→ **Data below**

▼

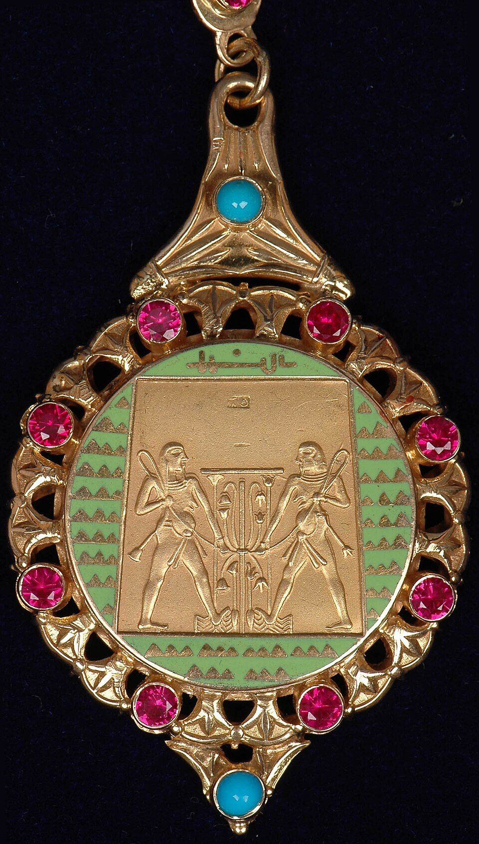 وقلادة النيل صنعت من الذهب الخالص، وتتمثل في سلسلة تتجسد في وحدات متشابكة تمثل رسومًا فرعونية تدل علي الخير والنماء التي يجلبها النيل للبلاد، وما بين كل وحدة وأخرى زهرات من الذهب، وجميعها مرصعة بالميناء من فصوص من الياقوت الأحمر والفيروز الأزرق، وهي أعلي الأوسمة في مصر.
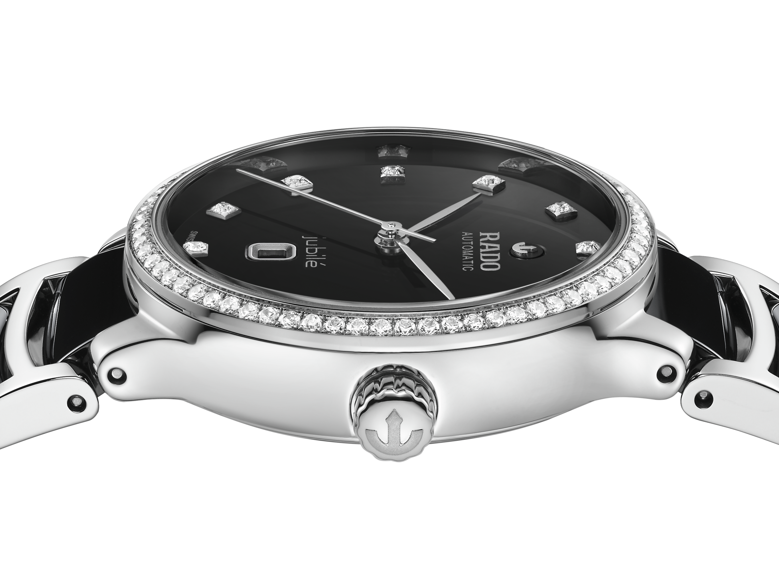 Experience the Centrix Super Jubilé – a blend of artistic expression and refined design. Crafted in stainless steel, the 30.5 mm case is refined with a luxurious bezel set with 68 Top Wesselton, VS-SI, brilliant cut diamonds. In addition, the curved sapphire crystal features an anti-reflective coating on both sides, ensuring unmatched readability. At the heart of this watch beats the R582 automatic calibre, which is visible through the sapphire crystal case back. The movement is equipped with an antimagnetic Nivachron™ hairspring, delivering exceptional accuracy and a 48-hour power reserve. The black lacquered dial is adorned with 12 Top Wesselton, VS-SI, brilliant cut diamond indexes and a date window at 6 o’clock. The neat look is completed with a stainless-steel bracelet with black high-tech ceramic middle links. Finally, the bracelet features a triple-fold stainless steel clasp.
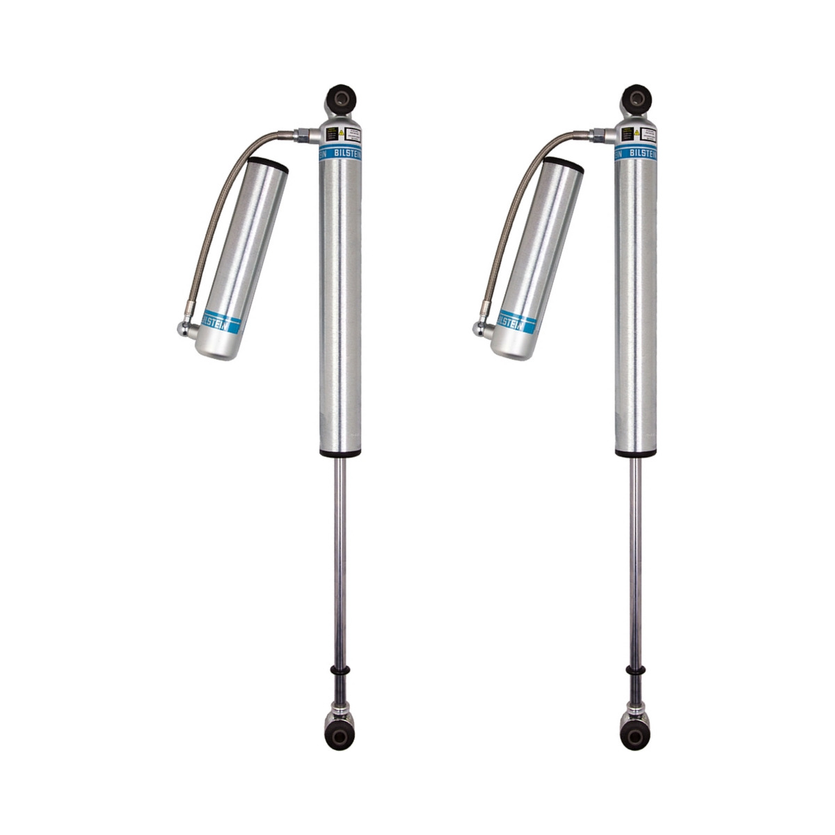 Bilstein B8 5160 remote reservoir shock absorbers are designed as a direct fit solution for lifted trucks and SUV’s. The remote reservoir will offer increased cooling capacity and wheel travel to optimize overall performance compared to a traditional shock absorber. These shock absorbers feature a monotube design for consistent fade free performance and utilize velocity sensitive digressive valve settings which are tuned for each specific application. Each shock absorber is fitted with a unique 360 degree swivel banjo hose fitting, providing a clean, low profile installation. B8 5160 remote reservoir shock absorbers will increase overall durability of your vehicle allowing you to conquer the harshest of off-road environments.
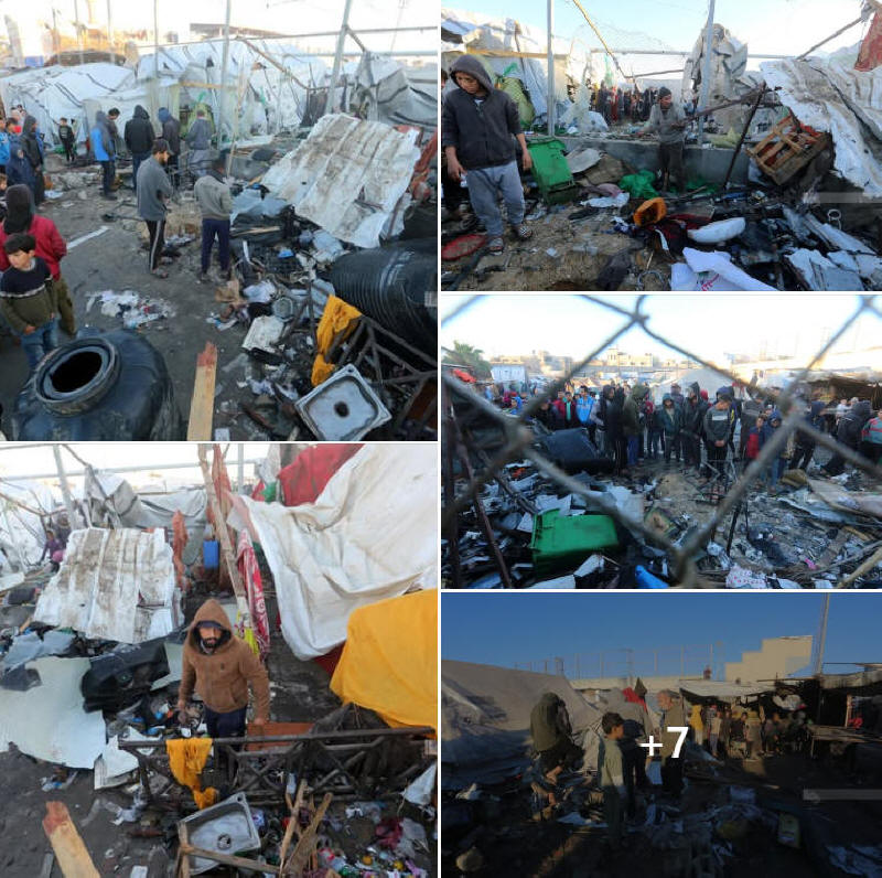 Die Kamera von WAFA dokumentiert die Zerstörung der Zelte vertriebener Palästinenser nach einem israelischen Luftangriff in Deir al-Balah im zentralen Gazastreifen.

▲

→ **Exercise**
Copy the material above exactly and drop the pictures.

→ **Finished task**
 وقلادة النيل صنعت من الذهب الخالص، وتتمثل في سلسلة تتجسد في وحدات متشابكة تمثل رسومًا فرعونية تدل علي الخير والنماء التي يجلبها النيل للبلاد، وما بين كل وحدة وأخرى زهرات من الذهب، وجميعها مرصعة بالميناء من فصوص من الياقوت الأحمر والفيروز الأزرق، وهي أعلي الأوسمة في مصر.
 Experience the Centrix Super Jubilé – a blend of artistic expression and refined design. Crafted in stainless steel, the 30.5 mm case is refined with a luxurious bezel set with 68 Top Wesselton, VS-SI, brilliant cut diamonds. In addition, the curved sapphire crystal features an anti-reflective coating on both sides, ensuring unmatched readability. At the heart of this watch beats the R582 automatic calibre, which is visible through the sapphire crystal case back. The movement is equipped with an antimagnetic Nivachron™ hairspring, delivering exceptional accuracy and a 48-hour power reserve. The black lacquered dial is adorned with 12 Top Wesselton, VS-SI, brilliant cut diamond indexes and a date window at 6 o’clock. The neat look is completed with a stainless-steel bracelet with black high-tech ceramic middle links. Finally, the bracelet features a triple-fold stainless steel clasp.
 Bilstein B8 5160 remote reservoir shock absorbers are designed as a direct fit solution for lifted trucks and SUV’s. The remote reservoir will offer increased cooling capacity and wheel travel to optimize overall performance compared to a traditional shock absorber. These shock absorbers feature a monotube design for consistent fade free performance and utilize velocity sensitive digressive valve settings which are tuned for each specific application. Each shock absorber is fitted with a unique 360 degree swivel banjo hose fitting, providing a clean, low profile installation. B8 5160 remote reservoir shock absorbers will increase overall durability of your vehicle allowing you to conquer the harshest of off-road environments.
 Die Kamera von WAFA dokumentiert die Zerstörung der Zelte vertriebener Palästinenser nach einem israelischen Luftangriff in Deir al-Balah im zentralen Gazastreifen.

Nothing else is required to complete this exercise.